JAKARTA, Cobisnis.com – Fenomena foto profil berwarna ungu lagi ramai muncul di berbagai platform medsos, terutama dari pengguna di Afrika Selatan. Banyak yang penasaran, karena perubahan ini bukan tren visual atau gaya baru.
Perubahan PFP ini sebenarnya bagian dari kampanye besar yang menuntut penghentian kekerasan terhadap perempuan. Gerakan ini lahir dari tingginya angka kekerasan gender di negara tersebut, yang selama bertahun-tahun jadi masalah serius dan sering dianggap biasa oleh sebagian masyarakat.
Fakta yang Memicu Gerakan
Setiap harinya, sekitar 15 perempuan di Afrika Selatan dibunuh. Negara ini juga tercatat sebagai salah satu yang memiliki angka femisida tertinggi di dunia. Kondisi tersebut membuat publik semakin mendesak pemerintah untuk mengambil langkah tegas.
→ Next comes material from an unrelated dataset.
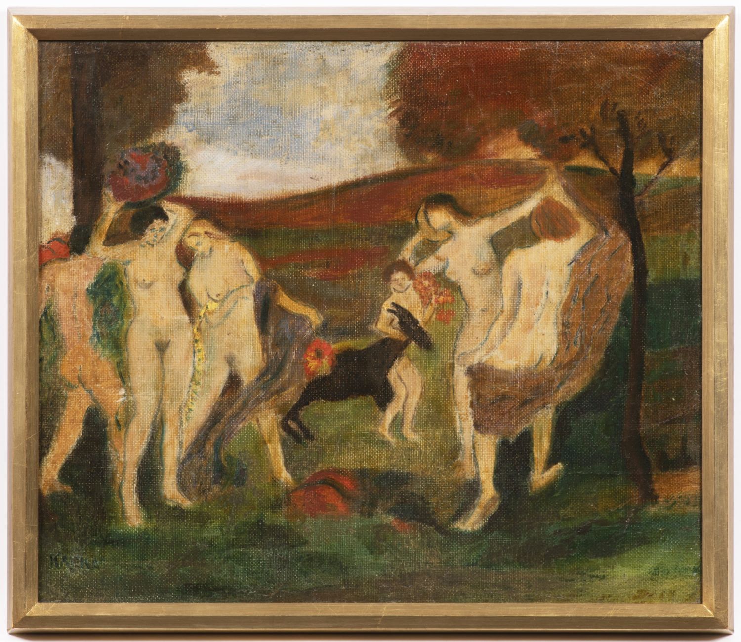 | Olej na plátně, autorem vlevo dole podepsaný a vpravo dole též zčásti vybledlý podpis a velmi nezřetelná datace. Na rubu plátna Kafkova civilistní kresba tuší, autorem vpravo dole signovaná a datovaná ("46"). Zarámováno v patinovaném přírodním dřevěném rámu o rozměru 350 x 418 mm. Provenience: z pozůstalosti autora, kterou od jeho vzdálených příbuzných zakoupila v roce 1995 Ztichlá klika. |

Kasus-Kasus yang Memperburuk Situasi
Nama Karabo Mokoena kembali mencuat sebagai simbol kemarahan publik. Ia ditemukan meninggal dan dibakar oleh pasangannya. Peristiwa ini meninggalkan luka besar bagi masyarakat.
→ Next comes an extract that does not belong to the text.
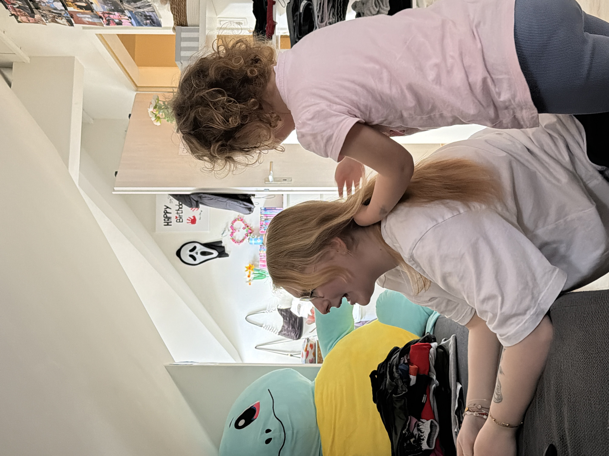 The scene depicts an indoor setting within a residence in Trassem, Germany, characterized by white walls and a sloped ceiling, indicative of an attic or upper floor room. An adult female with blonde hair, wearing glasses, a white t-shirt, and multiple bracelets and forearm tattoos, is seated on the left. She is looking to her left with an open-mouthed expression, suggesting laughter or conversation. Behind her stands a young child with curly brown hair, dressed in a pink t-shirt and blue ribbed leggings. The child is actively engaged in styling or playing with the adult's hair, holding a section of it with both hands. To the left of the adult, a large light blue and yellow plush toy, resembling a Squirtle character, is prominent. In front of this plush toy, a dark surface holds a stack of folded clothing. The background features various personal items and decorations: a "HAPPY Birthday" sign with red handprints and a black Ghostface mask are affixed to a white wall. A light-colored wooden door and a shelving unit are visible. The shelving unit contains stacked clothes, baskets, and framed photographs. A white handbag hangs on a wall to the left of the shelving unit. A small vase with white and yellow artificial flowers is also present on a surface in the background.

Kasus lain yang mengguncang negara tersebut adalah Uyinene Mrwetyana, perempuan 19 tahun yang menjadi korban pemerkosaan dan pembunuhan saat mengambil paket di kantor pos. Peristiwa itu memicu aksi turun ke jalan secara nasional.
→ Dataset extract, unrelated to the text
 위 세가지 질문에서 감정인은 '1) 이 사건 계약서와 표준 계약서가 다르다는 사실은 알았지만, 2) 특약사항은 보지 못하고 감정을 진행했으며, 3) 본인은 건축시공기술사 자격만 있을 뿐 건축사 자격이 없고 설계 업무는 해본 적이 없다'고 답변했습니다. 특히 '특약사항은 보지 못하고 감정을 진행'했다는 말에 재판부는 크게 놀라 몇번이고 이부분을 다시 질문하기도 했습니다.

Kasus terbaru yang ikut menyulut gerakan ini adalah yang menimpa Anele Tembe, serta beberapa kasus kekerasan dalam rumah tangga lain yang penanganannya lambat. Banyak pelaku yang lolos dari hukuman, sementara korban merasa diabaikan. Rasa frustrasi inilah yang memicu gelombang “Purple PFP” sepanjang 2024–2025.
Bentuk Aksi yang Dilakukan Publik
Mengganti foto profil menjadi ungu
Aksi “shutdown” pada 21 November: tidak berbelanja dan tidak bekerja
Mengheningkan cipta selama 15 menit pada pukul 12 sebagai penghormatan bagi 15 korban harian
Menggunakan pakaian hitam
Menandatangani petisi agar kekerasan berbasis gender ditetapkan sebagai “darurat nasional”
Menggelar kampanye edukasi secara masif di media sosial
Gerakan PFP ungu ini tidak hanya jadi simbol solidaritas, tapi juga jeritan publik agar kekerasan terhadap perempuan tidak lagi dianggap sebagai kenyataan yang normal.